= Alphonse Rabbe =

French writer, historian, critic, and journalist

Alphonse Rabbe (Alpes-de-Haute-Provence, 1784 (?) – Paris, 31 December 1829) was a French writer, historian, critic, and journalist.

==Life==
Rabbe was a journalist, writing mostly about the arts. He also published a number of works of popularised history. Disfigured by syphilis and addicted to opium in an effort to make his life bearable, Rabbe is today remembered for his Album d'un pessimiste in which he writes of the pointlessness of existence. It was published posthumously in 1835. He is also thought to have penned a novel, La Sœur grise, but the manuscript has not survived. Despite his almost complete detachment from society, he was friends with some of the most important literary figures of his day including Victor Hugo, Alexandre Dumas, père, and Benjamin Constant. He died in 1829 from an overdose of laudanum.
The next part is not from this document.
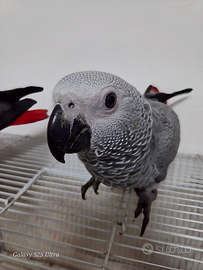 Disponibile un pappagallo cenerino coda rossa allevato a mano, seguito con massima cura fin dalle prime settimane. È completamente svezzato, abituato al contatto umano e alla normale vita domestica, molto docile e adatto anche a persone alla prima esperienza.

Though little known today, he inspired like-minded writers such as Baudelaire and Cioran.

==Works==
- introduction to Voyage pittoresque en Espagne by A.Laborde, 1808
- Précis d'histoire de la Russie, 1812
- Résumé de l'histoire d' Espagne, 1823
- Résumé de l'histoire du Portugal, 1823
- Résumé de l'histoire de la Russie, 1825
- Histoire d'Alexandre I empereur de Russie, 1826
- Album d’un pessimiste (1835)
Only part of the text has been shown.